Besides the obvious difficulty of ascertaining the source of Mr. Burton's knowledge or his expertise in discerning virginity, his testimony clearly regards the past sexual conduct of the victim, which, as discussed above, is barred by the rape shield statute.
*572 Accordingly, Defendant has not sustained his burden in proving ineffectiveness of counsel.
V
Finally, Defendant argues the trial court erred by denying Defendant's Supplemental Motion to Correct Error which was based upon newly discovered evidence; Defendant alleges that one of the victims admitted her testimony was fabricated. In support of his motion, Defendant filed an affidavit of a law clerk who worked in Defendant's appellate counsel's office. The affidavit alleged the law clerk received a phone call from a friend of one of the victims. The caller told the clerk that the victim told her the victim's testimony had been fabricated. The caller's mother allegedly prevented the law clerk from further investigating the claim by refusing to allow the caller to get involved.

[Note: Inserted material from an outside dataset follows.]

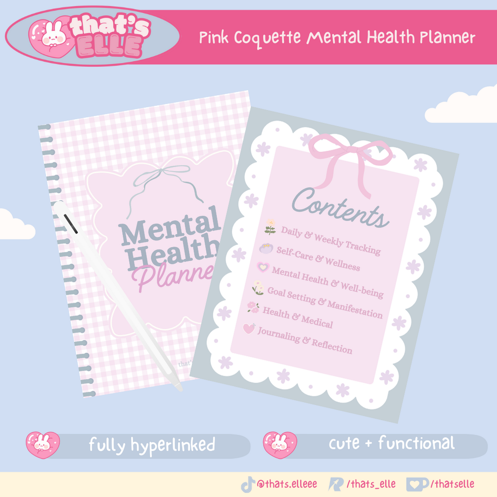 Introducing the ๐™‹๐™ž๐™ฃ๐™  ๐˜พ๐™ค๐™ฆ๐™ช๐™š๐™ฉ๐™ฉ๐™š ๐™ˆ๐™š๐™ฃ๐™ฉ๐™–๐™ก ๐™ƒ๐™š๐™–๐™ก๐™ฉ๐™ ๐™‹๐™ก๐™–๐™ฃ๐™ฃ๐™š๐™ง, a 57-page fully hyperlinked digital planner designed to support your mental well-being.
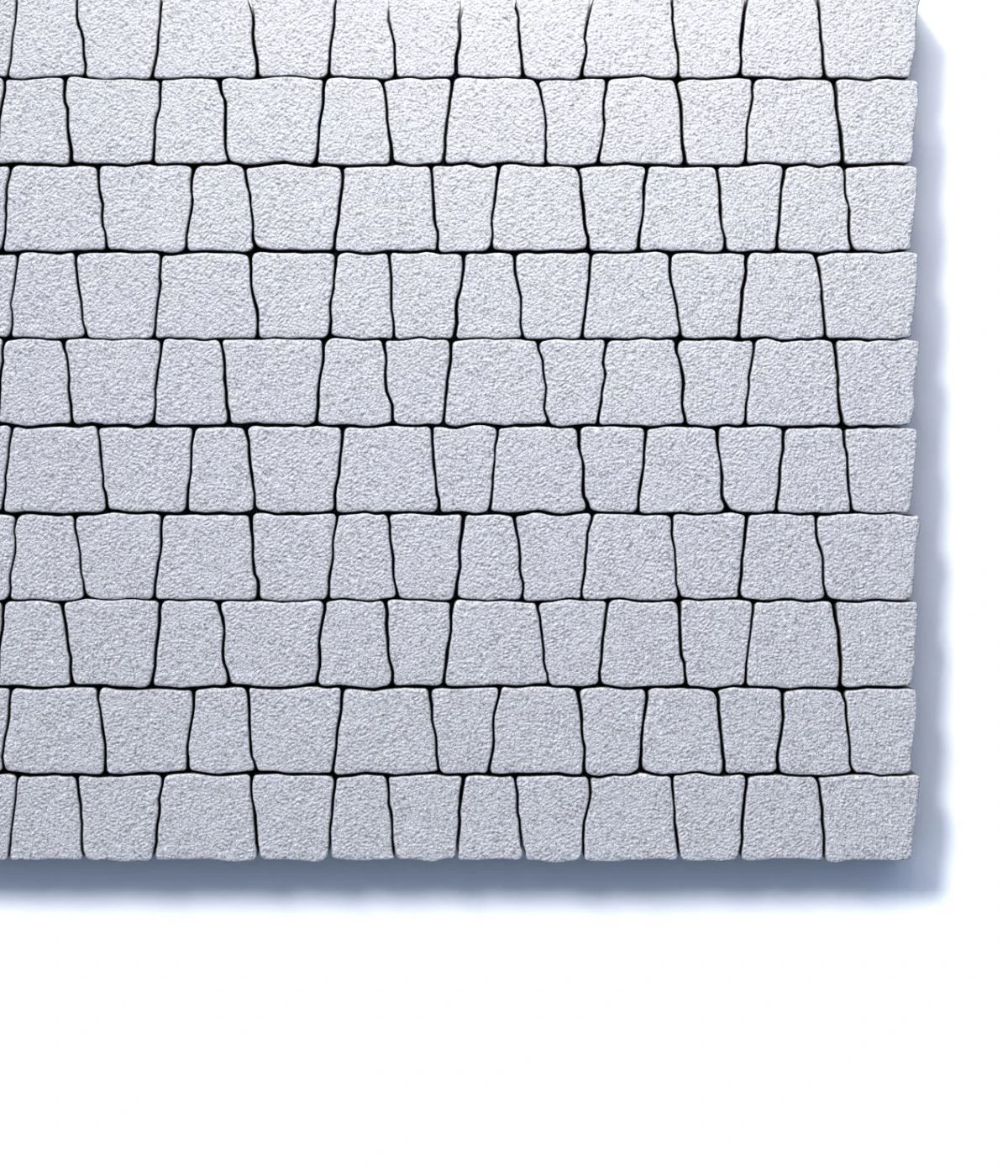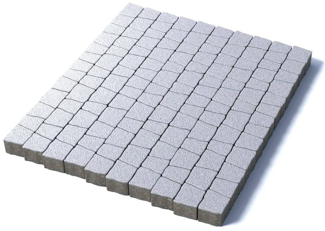 Состоит из 5-и элементов, которые выкладываются в хаотичном порядке рядами. Трапециевидная форма плиты позволяет выполнять как прямую, так и радиусную выкладку. Изготавливается по уникальной технологии методом полусухого вибропрессования из бетона. Брусчатка Абрис изготовлена с добавлением натуральной мраморной крошки белого цвета, отличается высокими физико-механическими свойствами.

The decision of whether to grant a new trial on the ground of newly discovered evidence is within the discretion of the trial court. We will reverse only if we determine the trial court could not reasonably have concluded that a different result was not probable. Kimmel v. State (1981), 275 Ind. 575, 418 N.E.2d 1152, cert. denied 454 U.S. 932, 102 S.Ct. 430, 70 L.Ed.2d 239.
Relief based upon newly discovered evidence is available in Indiana Rules of Trial Procedure Rule 59(A)(6). In order to obtain such relief a defendant must establish the following: (1) the evidence was discovered since the trial; (2) the evidence is material and relevant; (3) the evidence is not cumulative; (4) the evidence is not merely impeaching; (5) the evidence is not privileged or incompetent; (6) due diligence was used in investigating for such evidence before trial; (7) the evidence is worthy of credit; (8) the evidence can be produced upon a retrial of the case; (9) the evidence will probably produce a different result. Wilson v. State (1987), Ind., 511 N.E.2d 1014.
The State concedes requirements 1, 2, 5 and 6 are met by the proposed evidence. However, the State contends the proposed evidence is cumulative, merely impeaching, not worthy of credit, could not be produced at trial and would not produce a different result at trial.
We need not discuss all five (5) of the other disputed elements, since we affirm on the basis of number seven (7): whether the evidence is worthy of credit. Here, the affidavit is specious proof, at best, of the alleged admission by one of the victims. The proposed evidence is hearsay. No showing has been made that the person making the call to the clerk was either knowledgeable or credible. Therefore, we conclude that the evidence was not worthy of credit and unlikely to produce a different result.
Accordingly, for all of the above reasons, we affirm the judgment of the trial court.
CONOVER and ROBERTSON, JJ., concurring.
NOTES
[1] This rule was amended effective January 1, 1987. The amendment added the following language:
Provided further, that a trial court may take note of congestion or an emergency without the necessity of a motion, and upon so finding may order a continuance. Any continuance granted due to a congested calendar or an emergency shall be reduced to an order, which order shall also set the cause for trial within a reasonable time.
[2] The State cites to Loyd in their brief, but not for the proposition stated above.
[3] If the two hundred eighty-eight (288) days were attributable to the State, as Defendant argues, then Defendant would have waived the right to a trial prior to June 9, 1987. However, the waiver still would have entitled Defendant to be tried by June 9, 1987. See State ex rel. Henson v. Washington Circuit Court (1987), Ind., 514 N.E.2d 838.